In a tutorial a psychology professor showed his four students, one each from Ireland, Scotland, Wales and England, an empty glass. "Imagine this is life", he said. He took some pebbles from his pocket and filled the glass to the brim. "Now, is it full?" he said. "Yes," they replied, at which point he took a handful of gravel, which trickled round the pebbles and also came up to the top of glass. "Now is it full?" he said. "Yes," they said. So took a handful of sand and poured it onto the gravel and pebbles, and naturally a substantial amount trickled in until it reached the top of the glass. "So, what's your conclusion?" said the professor. "Well," said the English student, "obviously it's that it's the little things that really give you a full life. "Not at all," said the Welsh student. "If you'd put the sand in first there'd have been no room for the gravel or pebbles. So the lesson is you must achieve the big things in your life if you want a full life." "But, you've both missed the point," said the Scottish student. "You have to give every aspect of your life its due priority, whether it's big or little." "So what do you think?" said the professor to the Irish student, who reached into his pocket and produced a bottle of Guinness. He removed the top, and poured some into the glass, then drank the rest, and said "No matter how full you think your life is there's always room for a drop of Guinness."​
 
Little Johnny tells his teacher that he found a dead cat.

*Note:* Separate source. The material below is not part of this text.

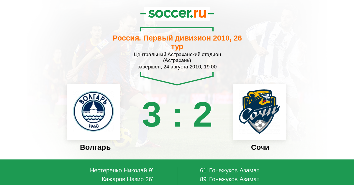 Волгарь-Газпром - Динамо: обзор матча 24 августа 2010
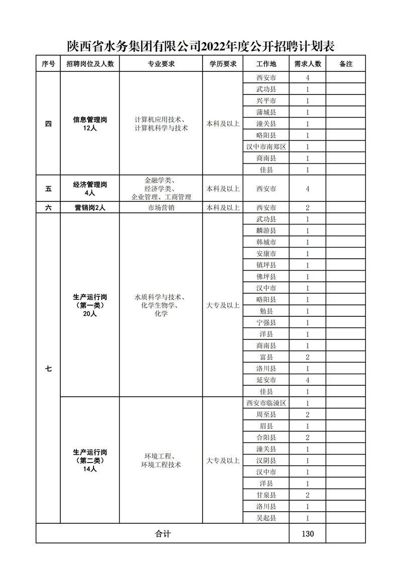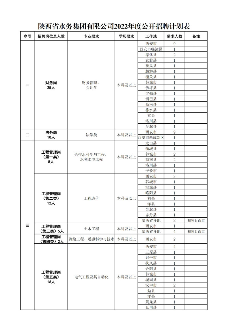 附件:《陕西省水务集团有限公司2022年度公开招聘计划表》

How did you know it was dead, asks the teacher.

Because I pissed in its ear and it didn't move, replied Johnny.

You did what screamed the teacher.

You know, I leaned over and went pssst in its ear and it just lay there and didn't move.​
 
Two old ladies sitting in church.
One leans over and whispers to the other "my butt is going to sleep."
"The other replies, "I know I have heard it snore three times."
 
A man told the doctor : "My wife's pregnant, but we haven't had sex in over a year. I don't understand it."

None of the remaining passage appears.